Antoine, the eldest, had been admitted as a master painter in the Corporation of Painters in St-Germain-des-Prés, which enabled him to open and maintain the studio in which his younger brothers worked. A source mentions him as a portraitist and a miniaturist, a clue that Milovanovic pursues to make the case that it is Antoine who created the small-format works on wood and copper notable for their brilliant colours and highly refined brushwork. A place of honour is given to a miniature, oil-on-leather portrait from 1638-40 of Henry of Lorraine, Count of Harcourt (1601-66), which only came to light in a Parisian family collection during the research for this exhibition. While Antoine's compositions can be crude, his figures are carefully delineated, as would be expected of a portraitist.
Mathieu is dubbed ambitious in view of his social ambitions, but his large religious works (with strong Caravaggesque tendencies) were also aimed at prominent public display (The Denial of St Peter, around 1655; The Last Supper, around 1655). By subtracting the works attributed to Antoine and Louis, and taking 1648 as a status post quo, Mathieu's style is easier to observe: contrasting colours, soft forms and dense brushwork with bright accents.
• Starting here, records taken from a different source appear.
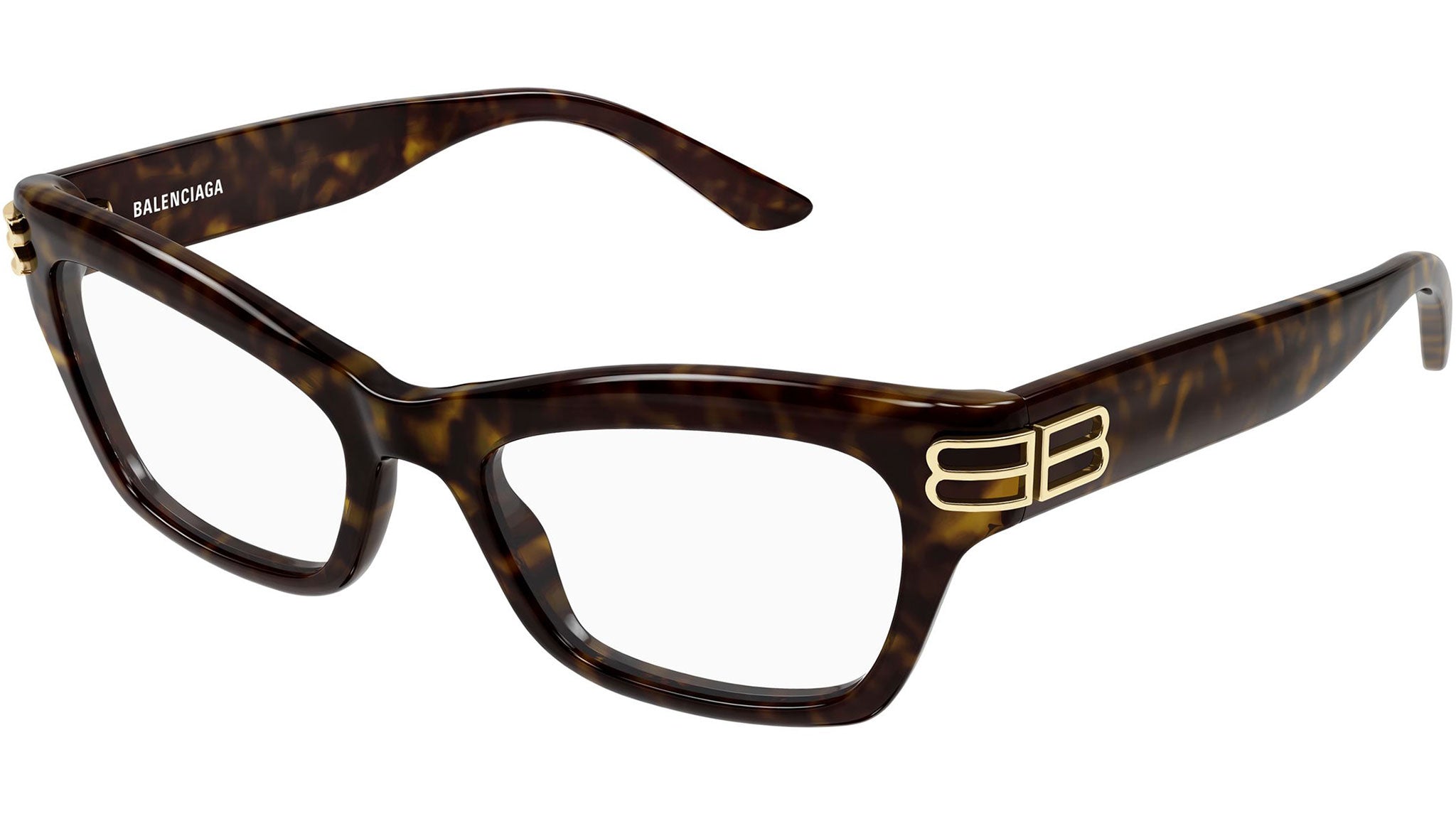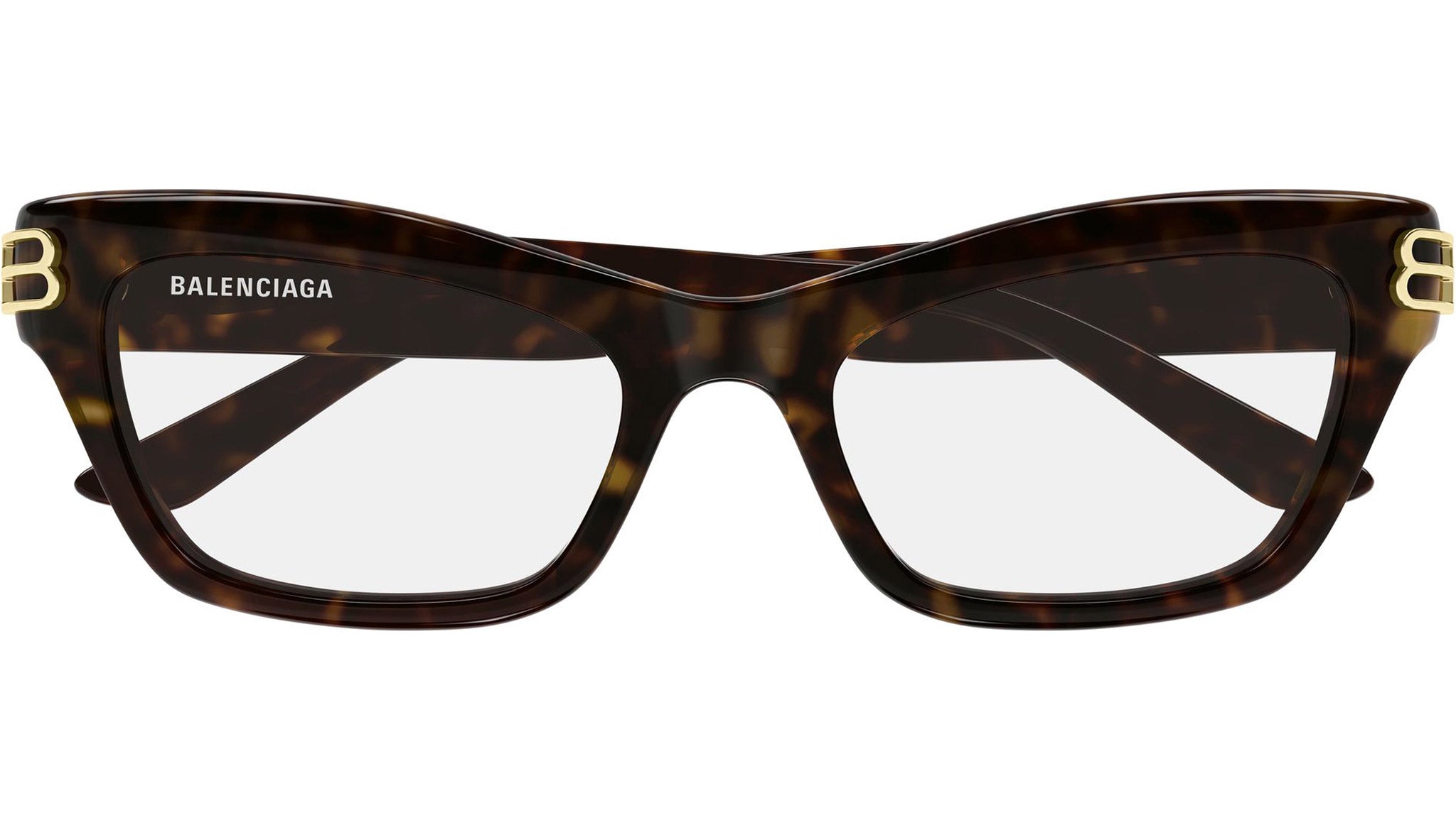 Occhiali da vista Balenciaga BB0435O 002 donna con montatura cat eye in acetato riciclato avana scuro lucido e lenti demo. Linea: Everyday. Codice modello: BB0435O. Codice colore: 002. Made in Japan. Rivenditore autorizzato Balenciaga online. Gli occhiali vengono consegnati con custodia e accessori originali e sono coperti dalla garanzia ufficiale di 12 mesi del produttore.
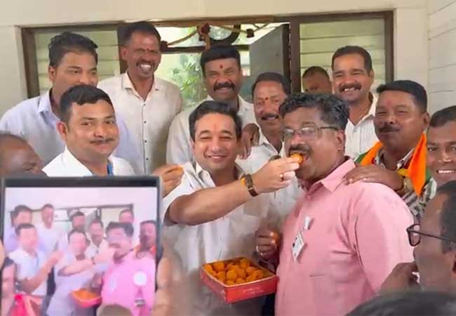 - भाजप – महायुतीची तळेरे पंचायत समितीचे उमेदवार राजेश जाधव व खारेपाटण पंचायत समितीचे उमेदवार गुरूप्रसाद शिंदे यांचे पालकमंत्री नितेश राणे यांनी ओम गणेश बंगल्यावर लाडू भरवून अभिनंदन केले.
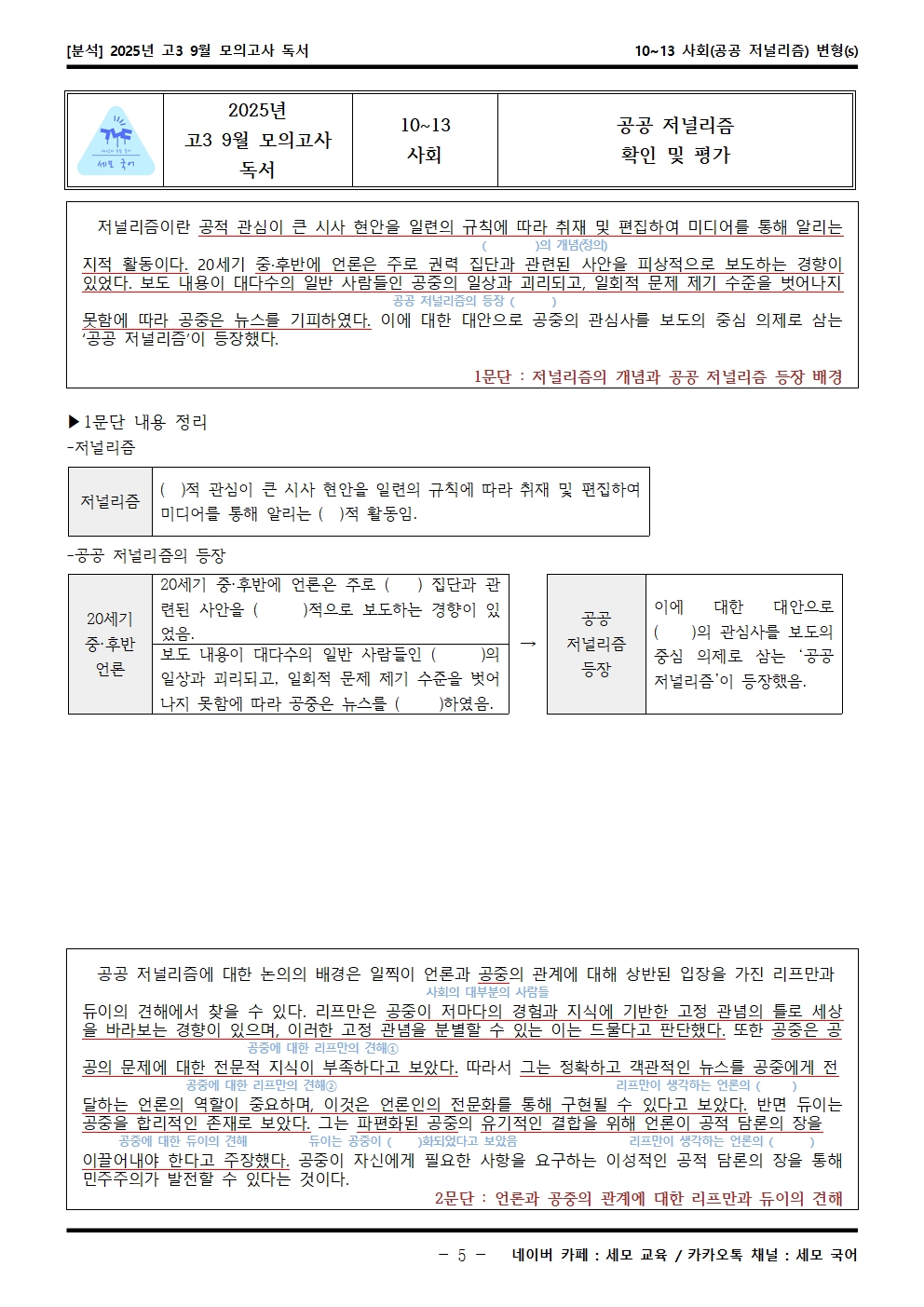 2025년 고3 9월 모의고사 독서 10~13 사회(공공 저널리즘) 분석해석해설이 제작됐습니다! 세모 국어의 선생님들이 집중하여 최선을 다해 만든 자료인 만큼 내신, 수능 대비에 큰 도움이 되리라 자부합니다.

In his later years his canvases include large numbers of figures, but his brushwork and compositional powers declined.
As attributions have been so long contested, it is more than appropriate that a section has been set aside for those painters whose works have in the past been attributed to the brothers, a couple of whom have now been identified (Jean Michelin, Alexandre Montallier). Most of these works, often assigned in the past but now clearly not by any of the Le Nains, have been given generic identities according to thematic links. The final room sets out some of the paintings that, since the 19th century, have been most contested by the great Le Nain scholars.
This exhibition will undoubtedly be the last word on the Le Nain brothers for many years to come and will, one hopes, stir scholarly debate and further research. Its only drawback is that it is in Lens. Despite the Louvre’s attempt at a “Bilbao effect”, the town and the Pas de Calais remain a backwater. But one must bear in mind that the Le Nain Mystery is a once-in-a-lifetime exhibition. Vaut bien le detour!